# [YOUR ASSIGNMENT]
Copy nothing before the line that contains "- Tilava olohuone, josta"; from there, transcribe each line exactly through the end of the material, omitting pictures.

# [DATASET RECORDS]

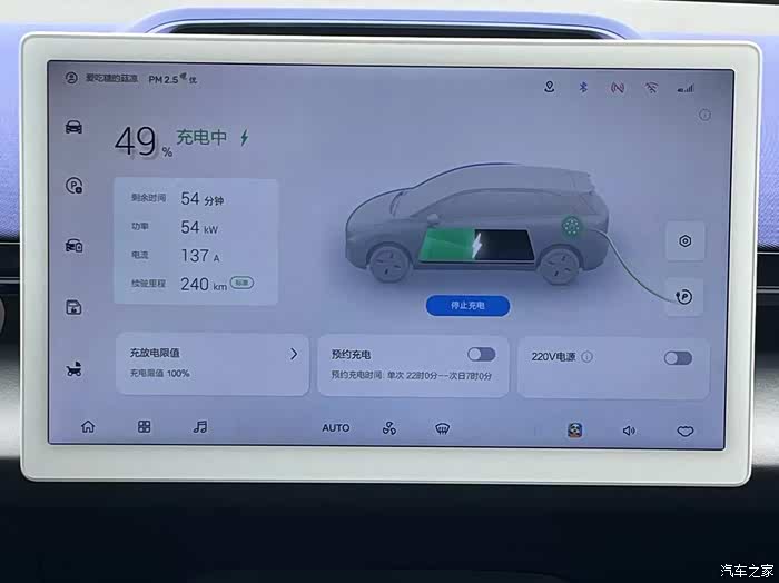 当电量充至49%时,充电功率降低至54kw,电流降低至137A。
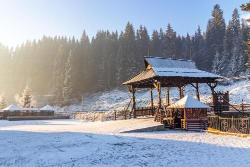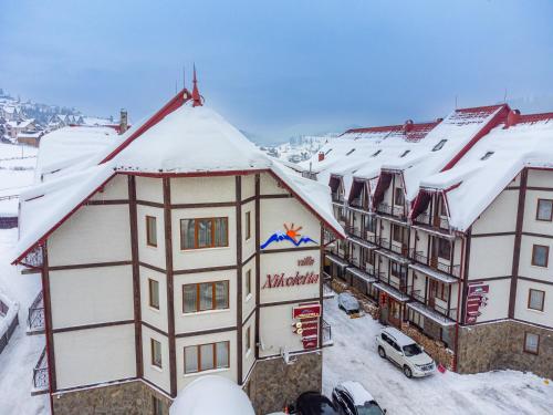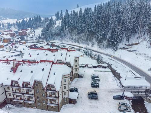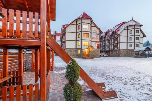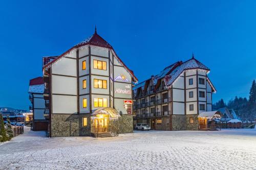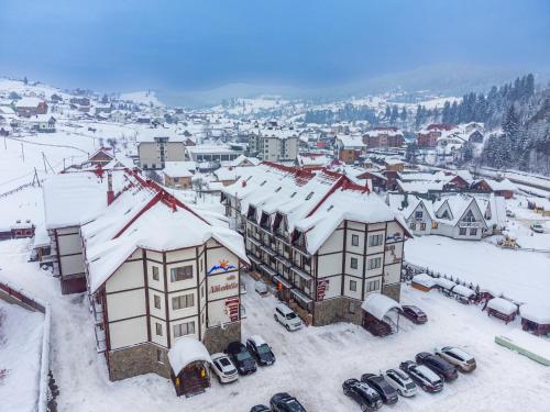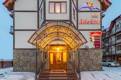 Villa Nikoletta SPA酒店坐落在生态保护的Polyanitsa Village村内,距离Bukovel Ski Resort滑雪场仅850米,提供桑拿浴室、免费WiFi以及1间供应罗马尼亚和乌克兰家常菜的餐厅。
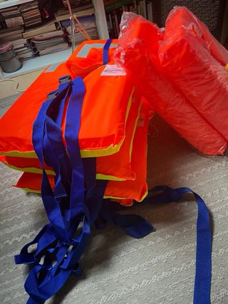Chaleco salvavidas de color naranja brillante, con cintas de ajuste azules y detalles reflectantes. Talla M (Adultos) Nunca se han usado! 10€ cada uno! 4 chalecos Salmar de 150 N 2 chalecos Plastimo de 150 N - Cierre con hebillas. - Tiras de sujeción ajustables. - Detalles reflectantes en la parte superior.
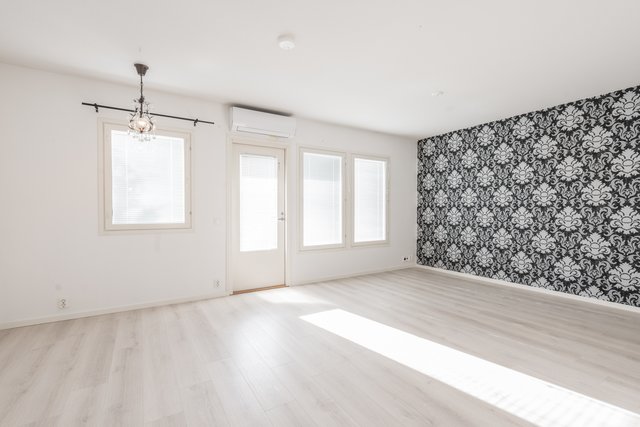 - Tilava olohuone, josta käynti takapihan avoterassille
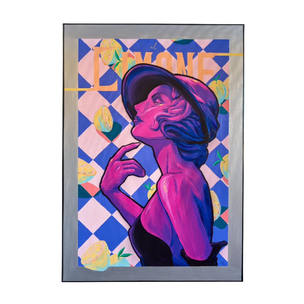 Motiv citronu zde nepůsobí jako pouhá zátiší reference, ale jako symbol intenzity, kontrastu a života. Výrazná barevnost a stylizovaná ženská figura vytvářejí atmosféru, která balancuje mezi požitkem a napětím. Obraz evokuje středomořskou lehkost a zároveň si zachovává lehce ironický odstup. Dílo vnese do prostoru energii, hravost a výraznou vizuální identitu, aniž by působilo prvoplánově.
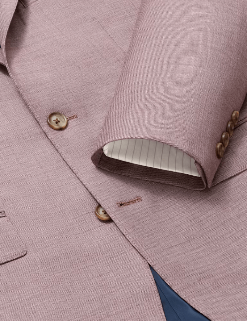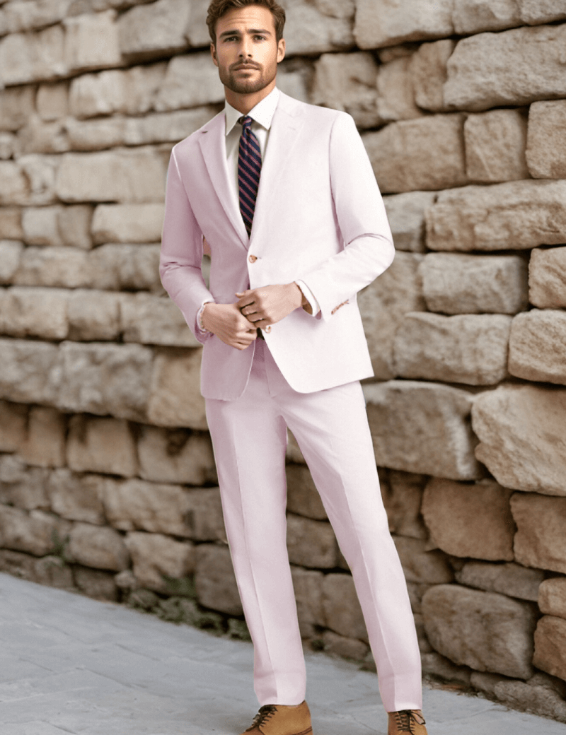 Traje italiano rosa de corte moderno con botonadura sencilla y dos botones
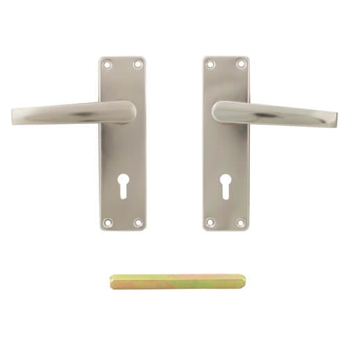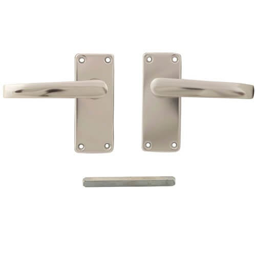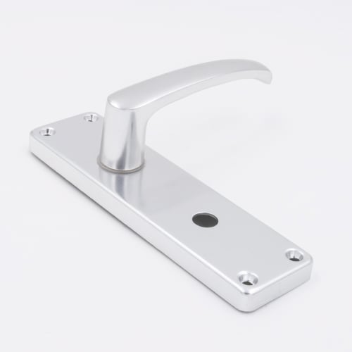 A lever on plate sprung satin aluminium handle, ideally suited for contract work.

# [REPLY]
 - Tilava olohuone, josta käynti takapihan avoterassille
 Motiv citronu zde nepůsobí jako pouhá zátiší reference, ale jako symbol intenzity, kontrastu a života. Výrazná barevnost a stylizovaná ženská figura vytvářejí atmosféru, která balancuje mezi požitkem a napětím. Obraz evokuje středomořskou lehkost a zároveň si zachovává lehce ironický odstup. Dílo vnese do prostoru energii, hravost a výraznou vizuální identitu, aniž by působilo prvoplánově.
 Traje italiano rosa de corte moderno con botonadura sencilla y dos botones
 A lever on plate sprung satin aluminium handle, ideally suited for contract work.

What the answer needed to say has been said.